Problem to work on:
A verbatim copy of the full data, with no pictures, is the expected answer.

Data extract:
---*---

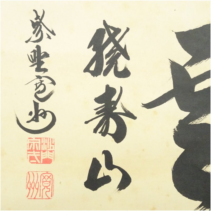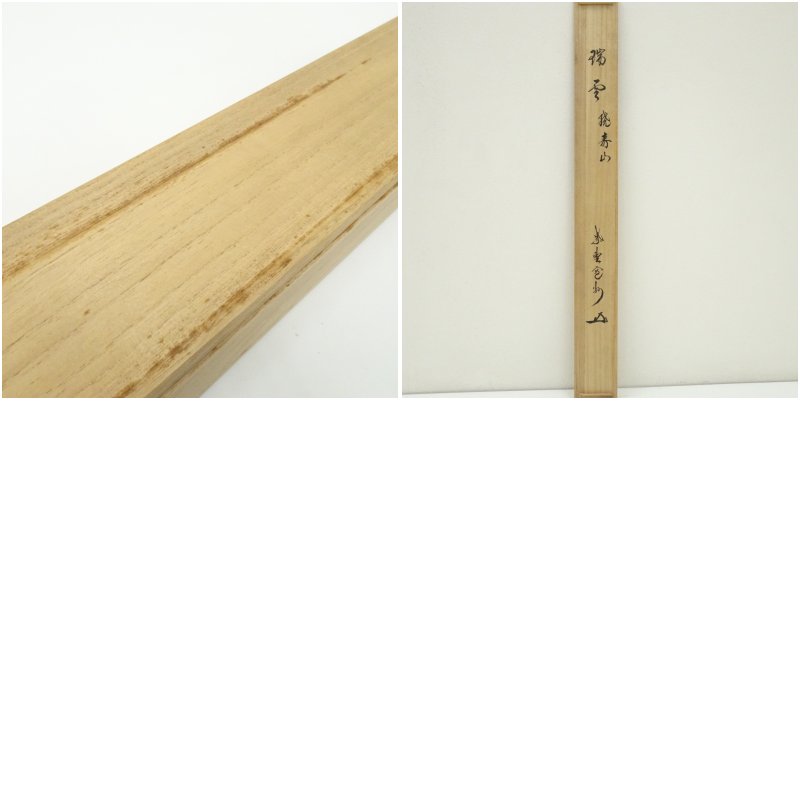 大徳寺 長谷川寛州筆 「瑞雲繞寿山」横物 肉筆紙本掛軸(共箱)
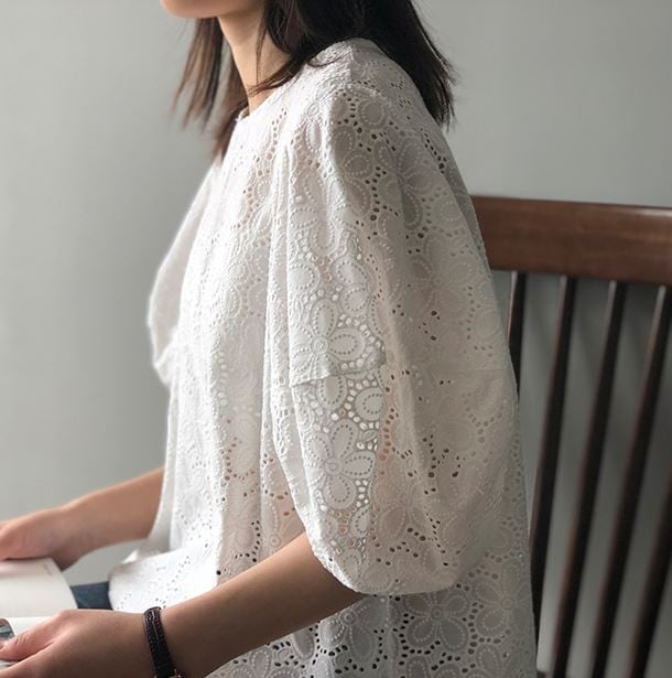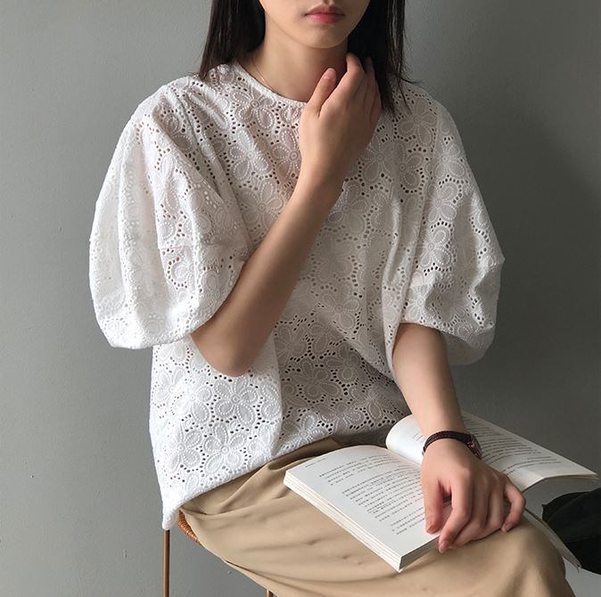 透かしレース パフスリーブブラウス 花柄 半袖 刺繍レース ボリュームスリーブ クルーネック ゆったりコーデ 大人かわいい シンプルデザイン 春夏秋 20代 30代 40代 50代 tp0881
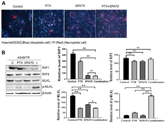 SPA70 and combination regimen induces necroptosis and exacerbates cell death. All the experiments were treated with 2 nM PTX, 10 ΞΌM SPA70, or combined regimen for 48 h. (A) Merge pictures showing Hoechst 33342 (specifically stains apoptotic cells) and PI (specifically stains necroptotic cells) staining in all indicated groups. The photographs were taken by fluorescence microscopy (200Γ). (B) Western blot analysis of classic RIP1-RIP3-MLKL pathway in all treatment groups (n = 3). β+β indicates combination treatment of PTX and SPA70. *, p < 0.05; **, p < 0.01, compared with indicated groups. Ns means no statistical significance.

---*---

Exercise result:
 大徳寺 長谷川寛州筆 「瑞雲繞寿山」横物 肉筆紙本掛軸(共箱)
 透かしレース パフスリーブブラウス 花柄 半袖 刺繍レース ボリュームスリーブ クルーネック ゆったりコーデ 大人かわいい シンプルデザイン 春夏秋 20代 30代 40代 50代 tp0881
 SPA70 and combination regimen induces necroptosis and exacerbates cell death. All the experiments were treated with 2 nM PTX, 10 ΞΌM SPA70, or combined regimen for 48 h. (A) Merge pictures showing Hoechst 33342 (specifically stains apoptotic cells) and PI (specifically stains necroptotic cells) staining in all indicated groups. The photographs were taken by fluorescence microscopy (200Γ). (B) Western blot analysis of classic RIP1-RIP3-MLKL pathway in all treatment groups (n = 3). β+β indicates combination treatment of PTX and SPA70. *, p < 0.05; **, p < 0.01, compared with indicated groups. Ns means no statistical significance.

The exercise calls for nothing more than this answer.